**Dataset excerpt**:

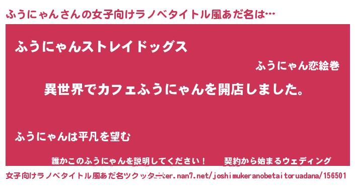 | 男性向けラノベタイトル風あだ名 | 『誰もが恐れるあのふうにゃんが、ぼくの専属メイドになるようです。』 |
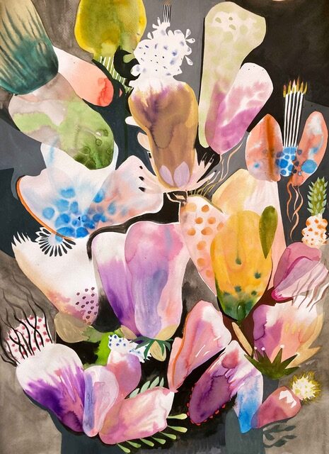 Susanne Haase: „Derzeit konzentriert sich meine Zeichentechnik auf den Einsatz von Tusche und anderen wasserbasierten Medien. Dabei lege ich unterschiedliche Farben und Formen übereinander, um Tiefe und Textur zu erzeugen, was häufig zu organischen und abstrakten Bildern führt. Dieser Ansatz lässt Wasser und Farbe auf natürliche Weise miteinander interagieren, wodurch organische Formen und Linien auf dem Papier entstehen. Auf diese Weise kann ich ein spontanes Gefühl in den Bildern erzeugen und etwas von der Bewegung des Moments einfangen.“
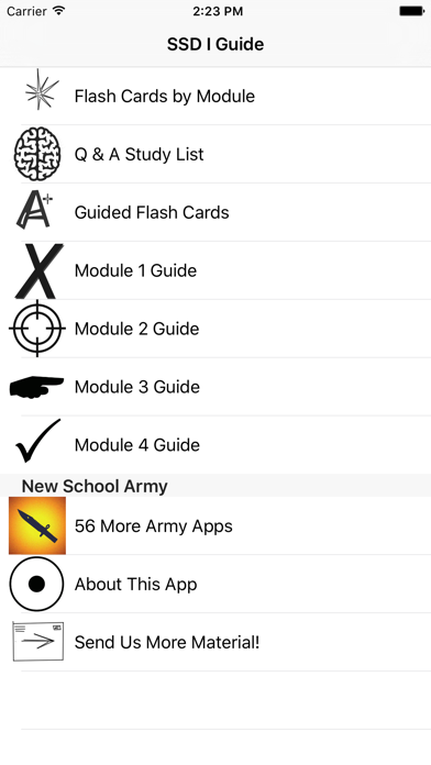 This app is Structured Self Development Level I reference and study guide. This is not a test cheat sheet. All information comes from Army regulations approved for public release. This app has EVERYTHING you will find in Structured Self Development Level I. SSD Level I must be completed by all Soldiers prior to attending the Warrior Leader Course. The actual SSD course contains tons of good information for troops. The problem is you only get to see it once while taking the course and ALMS is a terrible system if you want to review information. Complete information on all 4 modules and 34 SSD topics: MODULE 1 Army Writing Style Combat Reporting Composite Risk Management Detainee Operations Fratricide History of the NCO mTBI & PTSD Personnel Recovery Self Directed Learning Principles MODULE 2 Army Customs COIN Multiple Deployment Psychology Leadership Military Problem Solving Process Physical Readiness Training Troop Leading Procedures MODULE 3 Casualty Assistance Conflict Management Lean Six Sigma Recruiting and Retention Prepare a Brief Joint Service Management Supply Activities Rehearsals MODULE 4 AAR Process Army Ethics Formations History of the U.S. Army Environmental Financial Readiness Time Management Task Organize Bonus: Think you know your stuff? Try out one of seven SSD practice exams in flash card format.

**Required work**:
Could you print the data exactly as it appears and keep the pictures out?

**Written solution**:
 | 男性向けラノベタイトル風あだ名 | 『誰もが恐れるあのふうにゃんが、ぼくの専属メイドになるようです。』 |
 Susanne Haase: „Derzeit konzentriert sich meine Zeichentechnik auf den Einsatz von Tusche und anderen wasserbasierten Medien. Dabei lege ich unterschiedliche Farben und Formen übereinander, um Tiefe und Textur zu erzeugen, was häufig zu organischen und abstrakten Bildern führt. Dieser Ansatz lässt Wasser und Farbe auf natürliche Weise miteinander interagieren, wodurch organische Formen und Linien auf dem Papier entstehen. Auf diese Weise kann ich ein spontanes Gefühl in den Bildern erzeugen und etwas von der Bewegung des Moments einfangen.“
 This app is Structured Self Development Level I reference and study guide. This is not a test cheat sheet. All information comes from Army regulations approved for public release. This app has EVERYTHING you will find in Structured Self Development Level I. SSD Level I must be completed by all Soldiers prior to attending the Warrior Leader Course. The actual SSD course contains tons of good information for troops. The problem is you only get to see it once while taking the course and ALMS is a terrible system if you want to review information. Complete information on all 4 modules and 34 SSD topics: MODULE 1 Army Writing Style Combat Reporting Composite Risk Management Detainee Operations Fratricide History of the NCO mTBI & PTSD Personnel Recovery Self Directed Learning Principles MODULE 2 Army Customs COIN Multiple Deployment Psychology Leadership Military Problem Solving Process Physical Readiness Training Troop Leading Procedures MODULE 3 Casualty Assistance Conflict Management Lean Six Sigma Recruiting and Retention Prepare a Brief Joint Service Management Supply Activities Rehearsals MODULE 4 AAR Process Army Ethics Formations History of the U.S. Army Environmental Financial Readiness Time Management Task Organize Bonus: Think you know your stuff? Try out one of seven SSD practice exams in flash card format.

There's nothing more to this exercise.